Die Weichen waren gestellt. Für die Charité als würdige Erbin sowohl großer Medizin als auch des Public-Health-Ansatzes (Rudolf Virchow, Alfred Grotjan u.a.) war die Chance da, offen und innovativ all die oben skizzierten Vorbehalte wie überholte Vorurteile aussehen zu lassen.
Tatsächlich geschah und geschieht offenbar das Gegenteil: Statt des von vielen befürchteten Sinkfluges scheint Public Health am neuen Platz in der Charité eher so etwas wie einen Absturz zu erleben: Eine Weiterführung mit den an der TU verfügbaren Ressourcen würde den Gegenwert von zwei unbefristeten C4- und einer C3-Stelle nebst Ausstattung u. a. mit wissenschaftlichen Mitarbeitern bedeuten.

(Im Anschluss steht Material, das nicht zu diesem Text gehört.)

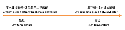 ● 固化反应机理:在无催化剂的情况下即使温度高达200℃,环氧基与酸酐的反应也很迟钝。酸酐通过与体系内的羟基反应来固化双酚A类环氧树脂,固化反应速度与羟基浓度成正比。
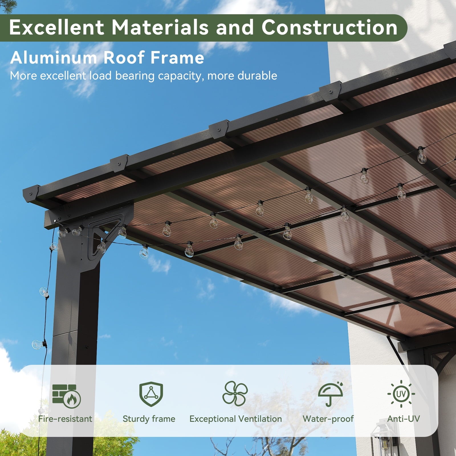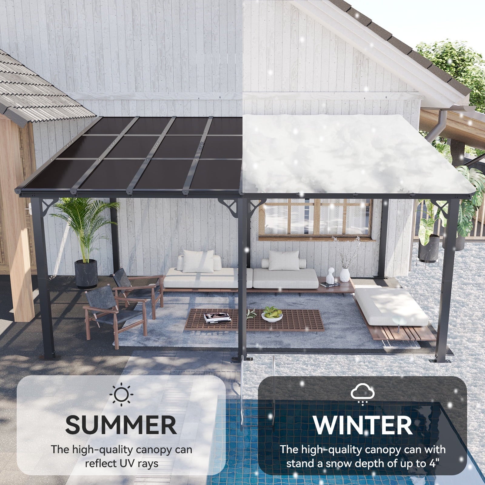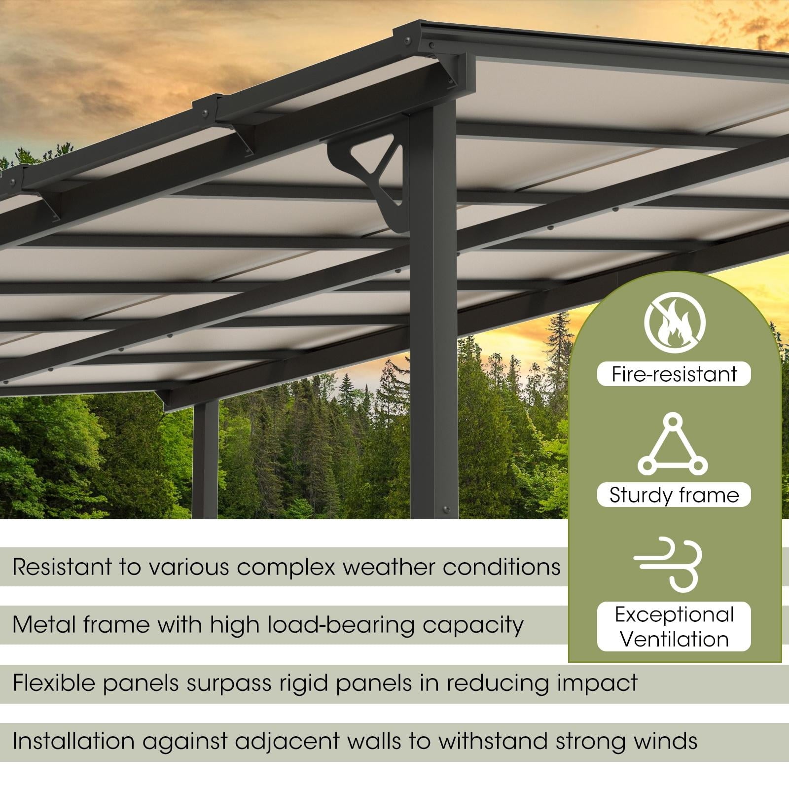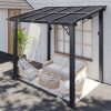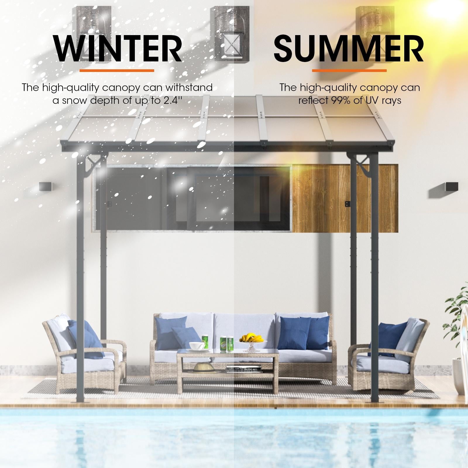 • Premium Material & Excellent Load-bearing:The top of the pergola has a remarkable load bearing of 55 lbs/㎡, which is resistant to various complex weather conditions as long as it is wall-mounted with expansion bolts. Besides, the polycarbonate top is able to reflect 99% of UV rays and thus provide UV protection

Stattdessen soll die BSPH nunmehr mit einer noch auf fünf Jahre besetzten W3-Stelle mit kw-Vermerk und einer zunächst auf fünf Jahre befristeten W2-Professur aufgebaut werden. Eine ebenfalls befristete Junior-Professur zum Studiengang ‚Gender and Health’ wird irgendwie mitgezählt. Mit dieser Ausstattung ist die Zusage von Senator Flierl wohl nicht eingehalten, denn alle Stellen sind befristet, sie sind durchweg geringwertiger und gehören zum Teil nicht direkt zur BSPH. Zudem sind die Kerngebiete Public Health (Epidemiologie, sozialwissenschaftliche Grundlagen, Gesundheitssystemforschung, Intervention) nicht abgedeckt.

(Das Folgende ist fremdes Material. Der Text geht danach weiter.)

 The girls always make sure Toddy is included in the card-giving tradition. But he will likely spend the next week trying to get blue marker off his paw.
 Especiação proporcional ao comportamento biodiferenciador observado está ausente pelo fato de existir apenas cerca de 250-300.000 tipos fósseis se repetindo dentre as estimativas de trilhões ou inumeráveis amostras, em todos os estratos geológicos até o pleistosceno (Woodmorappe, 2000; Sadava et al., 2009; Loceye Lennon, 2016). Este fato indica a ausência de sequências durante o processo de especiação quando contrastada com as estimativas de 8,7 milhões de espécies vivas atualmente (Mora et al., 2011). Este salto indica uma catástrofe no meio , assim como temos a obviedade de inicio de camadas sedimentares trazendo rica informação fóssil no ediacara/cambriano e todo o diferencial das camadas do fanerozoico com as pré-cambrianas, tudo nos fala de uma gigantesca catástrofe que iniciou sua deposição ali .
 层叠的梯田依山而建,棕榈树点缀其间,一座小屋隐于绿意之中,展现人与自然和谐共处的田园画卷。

Die zweite Frage ist, ob mit den für die BSPH bzw. für das Fachgebiet Public Health bereitgestellten Ressourcen eine nachhaltige, akademisch handlungsfähige und wirkungsvolle Struktur aufgebaut werden kann, die dazu geeignet ist, den auf diesem Gebiet international noch immer bestehenden strukturellen Entwicklungsrückstand in Deutschland aufzuholen. Zum Vergleich: Die Universität Bielefeld (ohne Medizin) verfügt über eine eigenständige Fakultät für Gesundheitswissenschaften, und diese strebt gegenwärtig die Einrichtung der zehnten Professur mit Arbeitsgruppe an.
Vor dem Hintergrund der bisherigen Erfahrungen mit dem Aufbau von Studiengängen bzw. Instituten für Public Health kann nicht davon ausgegangen werden, dass der Aufbau einer akademisch tragfähigen und vorzeigbaren Struktur, die den Namen »Berlin School of Public Health« verdient, mit diesen drei befristeten Stellen zu schaffen ist. Das Land Berlin und die deutsche Hauptstadt können damit die bis zur Gründung der BSPH in Deutschland führende (und so auch politisch gewünschte) Position im zukunftsträchtigen und von der Praxis nachgefragten Feld von Public Health wohl nicht halten. So bleibt denn überaus fraglich, ob mit den in Berlin bereitgestellten Ressourcen eine nachhaltig entwicklungsfähige und die internationale Anschlussfähigkeit sichernde Struktur aufgebaut werden kann. Versuche der DGPH, den Senator für Wissenschaft, Bildung und Forschung vom Ernst dieser Situation zu überzeugen und ein Gegensteuern zu erreichen, haben bislang keine erkennbaren Ergebnisse erbracht – außer der Zusicherung, dass der Senat das Fach Public Health weiterhin fördern und alles im Auge behalten will. Für solche notwendige Beobachtung und Unterstützung scheint sich derzeit neben der Charité eine weitere Baustelle aufzutun: Wie aus der Freien Universität zu hören ist, gilt jetzt auch der dort bestehende sozialwissenschaftliche Public-Health-Master-Studiengang »Psychosoziale Prävention und Gesundheitsförderung« in der FU, der aktuell seine Zertifizierung starten will, als materiell bedroht.